• [Prompt] After removing every image, reproduce the data exactly as it appears.

• [Available data]
——————

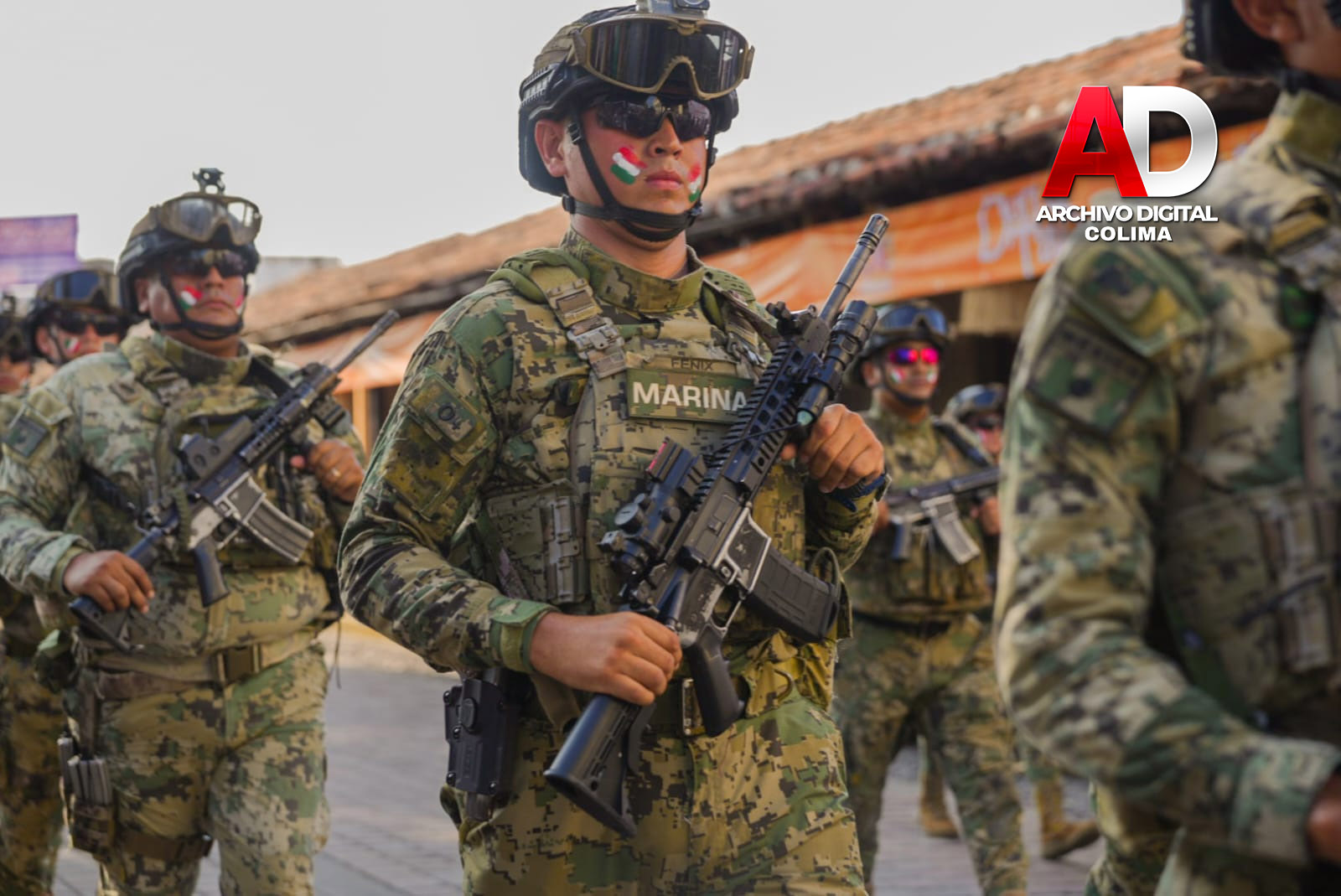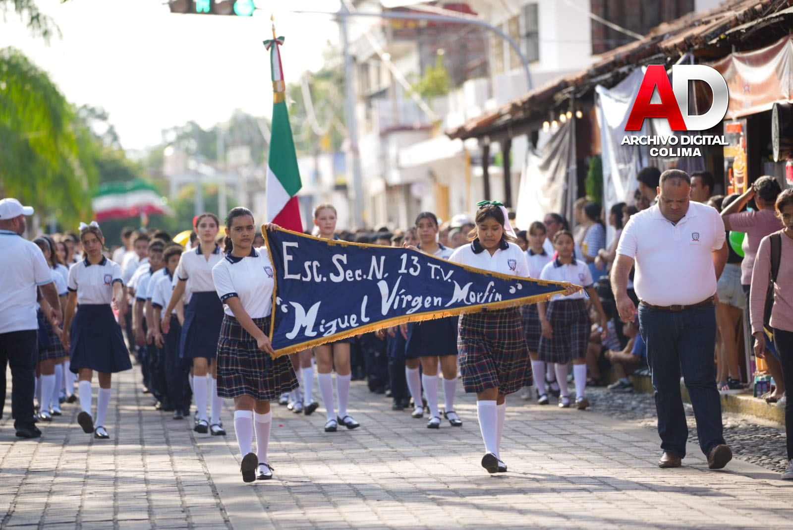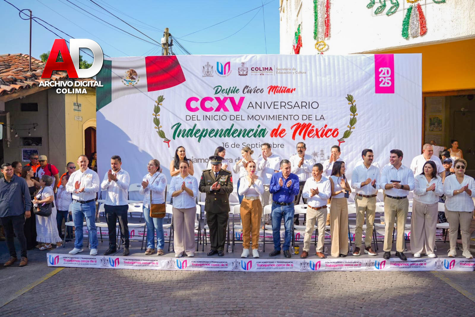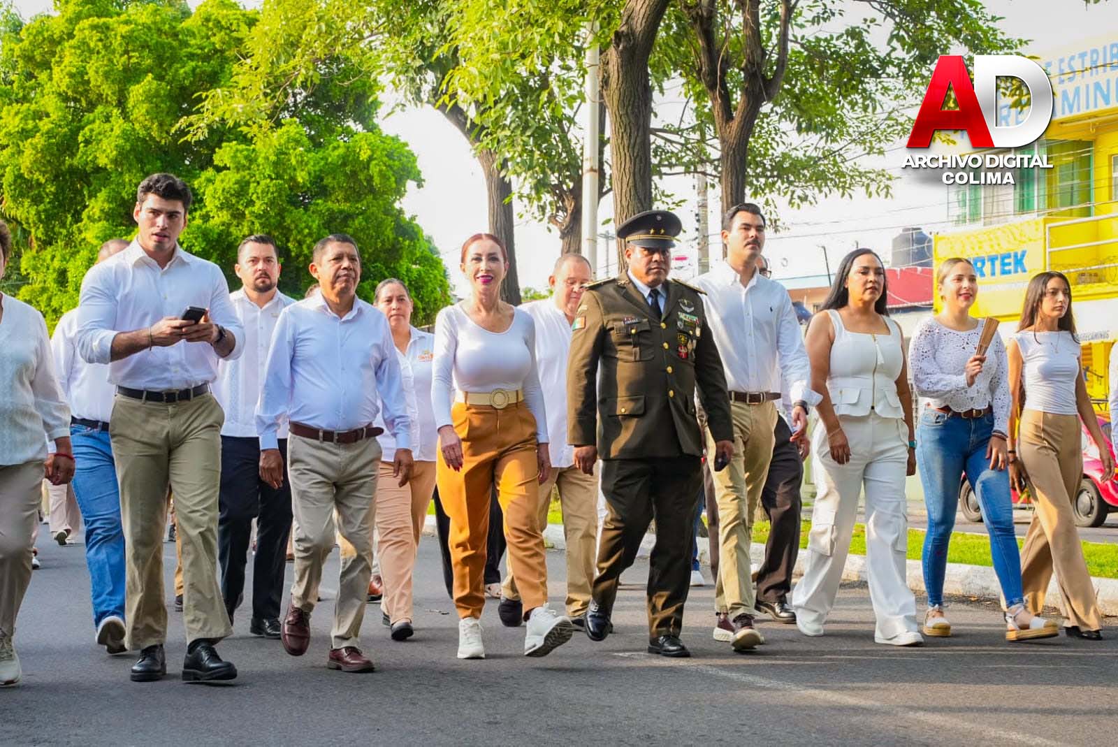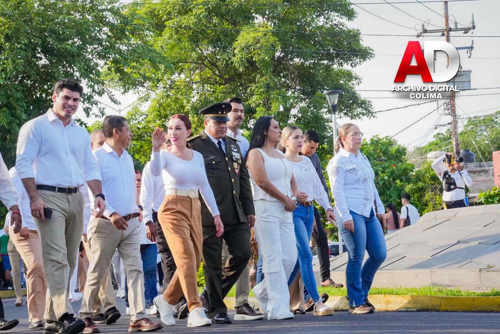 También marcharon efectivos de la Secretaría de Marina, la Dirección General de Seguridad Pública, la Unidad Municipal de Protección Civil, URIE Villa de Álvarez y la Escuela de Monta Hermanas Vargas, con la Escaramuza Charra Adelitas de Villa de Álvarez.
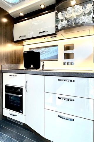 Elektrisch absenkbares Kaffeebord inkl. 230 V- Steckdose und Kaffeemaschine
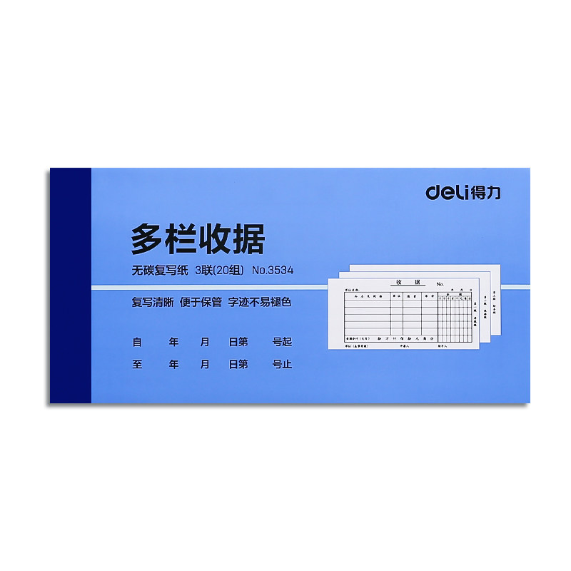 得力10本装收据本二联三联单栏多栏无碳复写账簿单据簿加厚现金收据条收款本餐饮小票财务会计用品付款票据单
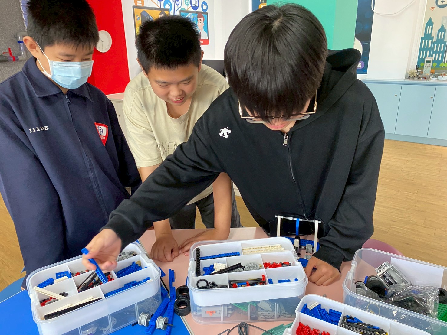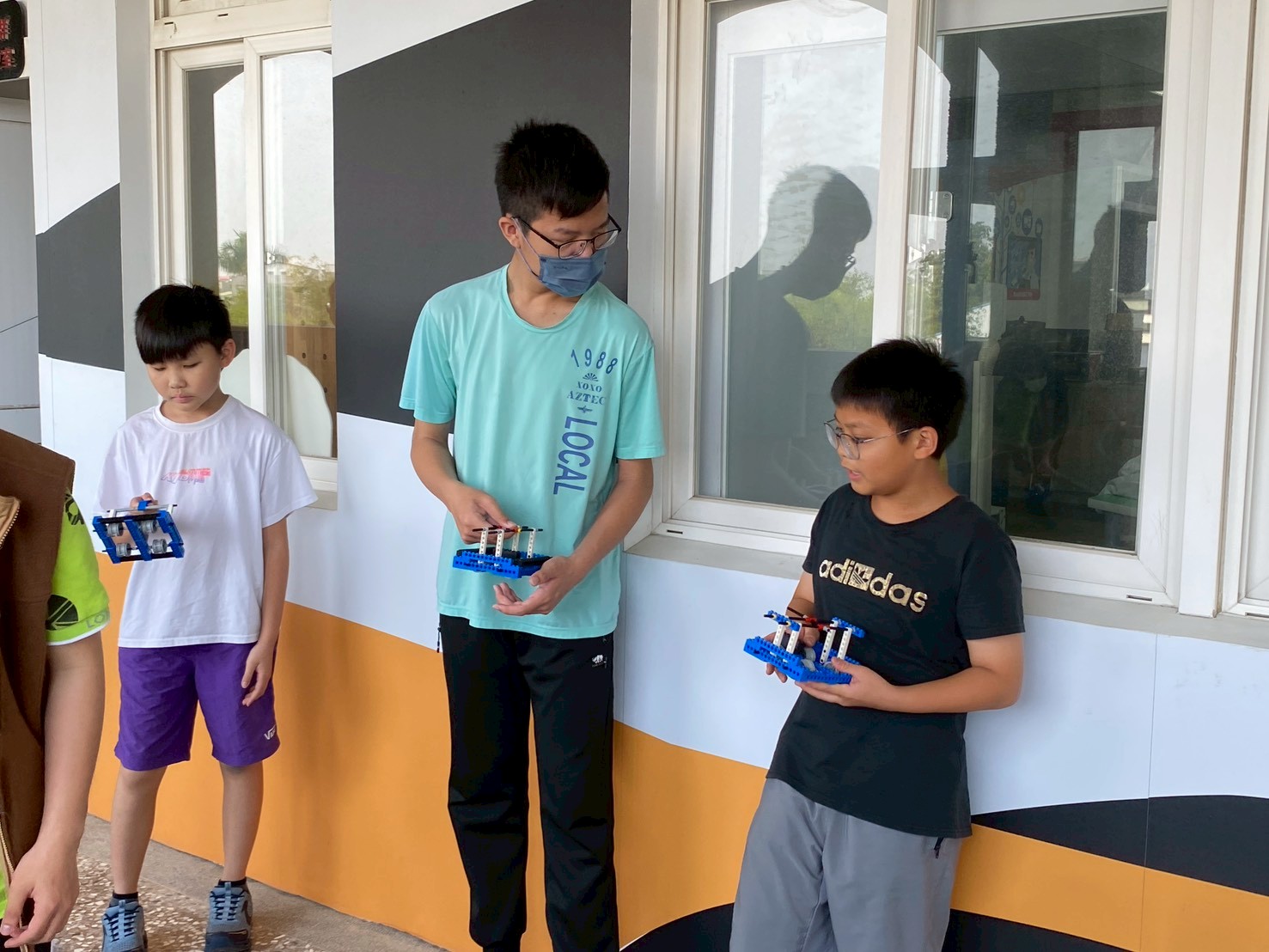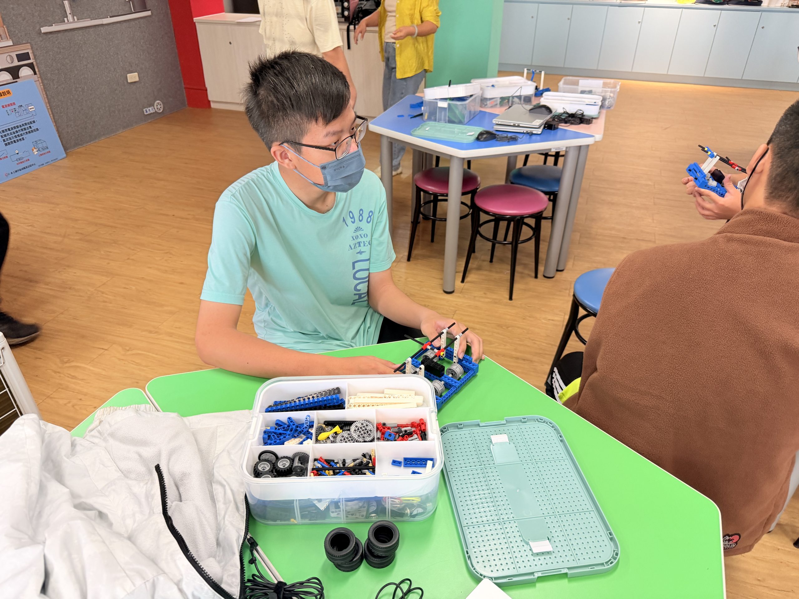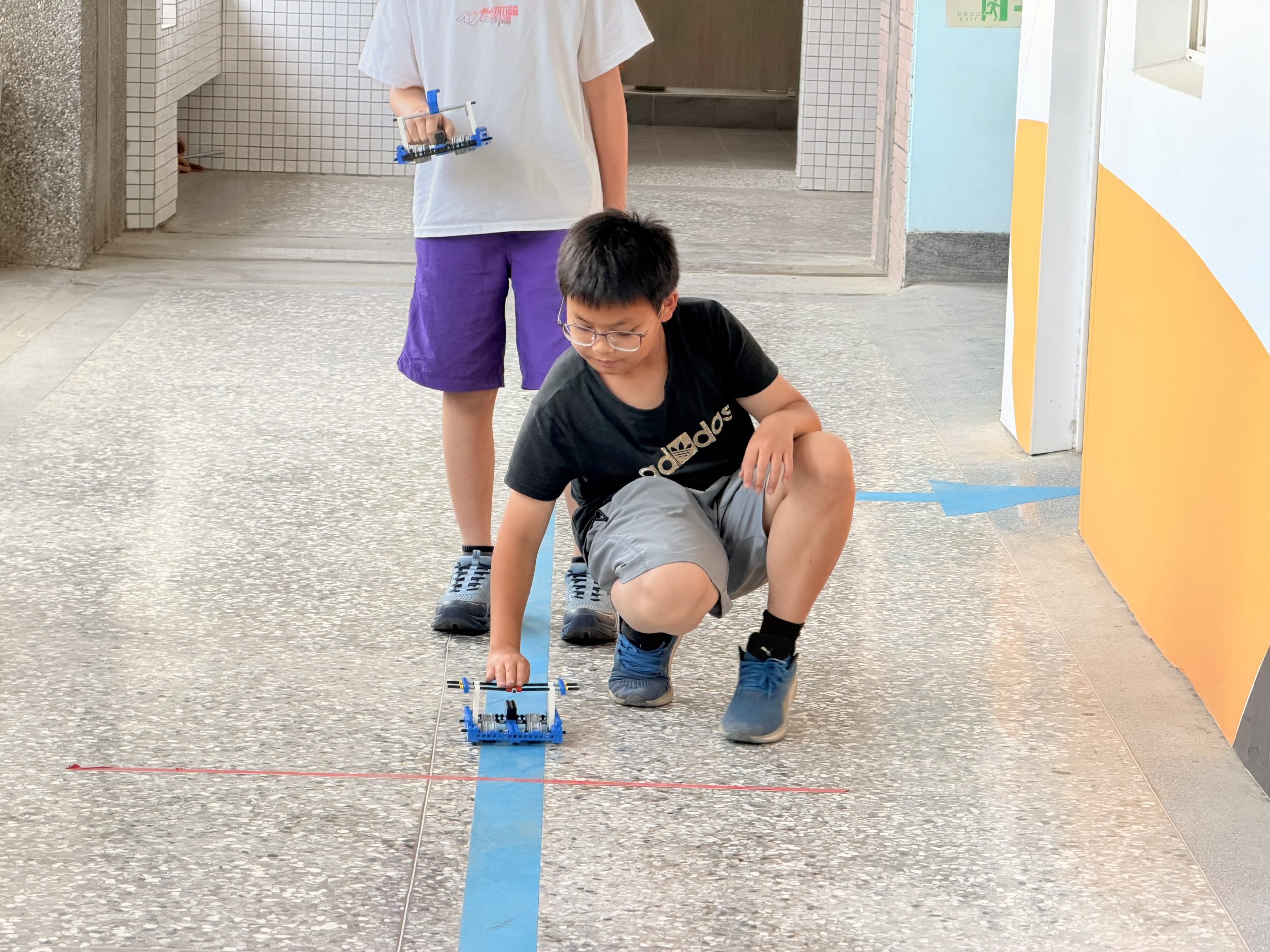 學生們圍著樂高積木,快速組裝出一台台車輛,準備進行滑行競賽。測試、討論、再調整,有的組別開始幫車子「加重」,有的則嘗試改變結構,只為了讓車子更精準地滑到中心點。過程中不時傳來歡呼與懊惱聲,老師再加碼小獎品,現場氣氛瞬間被點燃。

——————

• [Solution to this exercise]
 También marcharon efectivos de la Secretaría de Marina, la Dirección General de Seguridad Pública, la Unidad Municipal de Protección Civil, URIE Villa de Álvarez y la Escuela de Monta Hermanas Vargas, con la Escaramuza Charra Adelitas de Villa de Álvarez.
 Elektrisch absenkbares Kaffeebord inkl. 230 V- Steckdose und Kaffeemaschine
 得力10本装收据本二联三联单栏多栏无碳复写账簿单据簿加厚现金收据条收款本餐饮小票财务会计用品付款票据单
 學生們圍著樂高積木,快速組裝出一台台車輛,準備進行滑行競賽。測試、討論、再調整,有的組別開始幫車子「加重」,有的則嘗試改變結構,只為了讓車子更精準地滑到中心點。過程中不時傳來歡呼與懊惱聲,老師再加碼小獎品,現場氣氛瞬間被點燃。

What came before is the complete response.